Waldron on Armstrong’s Fall

Travis Waldron sums up some of the ambivalence I’ve been wrestling with myself in the wake of the doping chickens coming home to roost: The Complicated Tragedy Of Lance Armstrong.

So is Lance Armstrong a fraud, a cheat, and a villain, the worst example of how the quest to win at all costs can distort our priorities? Or is Lance Armstrong a friend, an inspiration, and a hero, the best example of how success can be used to change the world around us. Can’t he be both?

I think it’s wrong to focus just on Armstrong. He was arguably a victim here too. But not in the responsibility-free way that one might think I’m saying.

Sigh. It’s complicated.

2 Responses to “Waldron on Armstrong’s Fall”

  1. __j__ Says:

    Armstrong was a great athlete, and a drug dealer, who used his own product to win even more. Yes, the pressure-cooker of celebrity sports is also to blame. Much the way Hollywood and experimental aesthetic surgeries go hand in hand. But that seems to be the key: he’s a celeb, of the subcategory sports-celeb.

    I look at his charity work in perspective, though. As a celeb who beat cancer and won a lot of awards (some of them by cheating we now know), he’s responsible for ~$400M since 1997. Bill Gates expends about four times that much every year, and his foundation is backed by a gargantuan endowment (aka savings account) that will keep those billion-a-year payouts flowing pretty much indefinitely. Gates also has some controversy to his success: Microsoft is not well regarded by many engineers, because of the sorts of tradeoffs they make in their products (for business reasons), and for economists it is like ExxonMobil — in the category of natural economic monopolies. See also: Stallman & Torvalds.

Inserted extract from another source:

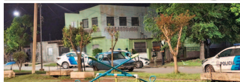
Distintas fuerzas policiales participaron del operativo.

En el marco de una causa investigada por la fiscalía de la Dra. Marcantonio, más de 80 policías, junto con la UTOI, llevaron a cabo allanamientos en el barrio 17 de Octubre (ex Cooperación). Durante el operativo, algunos vecinos arrojaron piedras a las fuerzas de seguridad.

    Whether you think Gates is a hero, or Linus is a hero, or both, what matters is the hero. I think it’s right to focus on Lance, because he’s the potential hero and/or potential villain. Part of our culture is that we *create* hero & heroine folks. The more banal side of our culture is the creation of celebs — people that are famous for being famous, more or less. Look at our politicians. Nowadays, we mostly just have celeb politicians (Reagan was not the first nor the last). Sometimes, though, we do have heroic leaders. And it seems to be culturally rare — and related to our politics, with the basis in rugged individualist rights and such, not groupthink or submersion of the self.

    http://dougwead.wordpress.com/2012/03/16/presidents-day-questions/
    “…a perfect example of how cherishing the good in a president [Washington], making him a hero, inspired another president [Lincoln] to actualize it and live it out.”

    So, methinks the important question is, should we lionize Lance Armstrong the hero, up there with Neil Armstrong? (Who… when you look at it through rational eyes… was just a celebrity-soldier in our ICBM-technology-showdown versus the Russkies.) Or, should we just treat Lance as a sports-celeb, who got caught doing that typical celebrity thing, drugs?

    On a lighter note, a pure-libertarian take on drug usage by sports celebs is illuminating…
    http://youtube.com/watch?v=k-rIm5R7v1Q (2 mins)

  2. shcb Says:

    That guy is funny, I’ll have watch more of him while I’m drunkblogging with the vodkapundit during the debate tonight, now that is multitasking!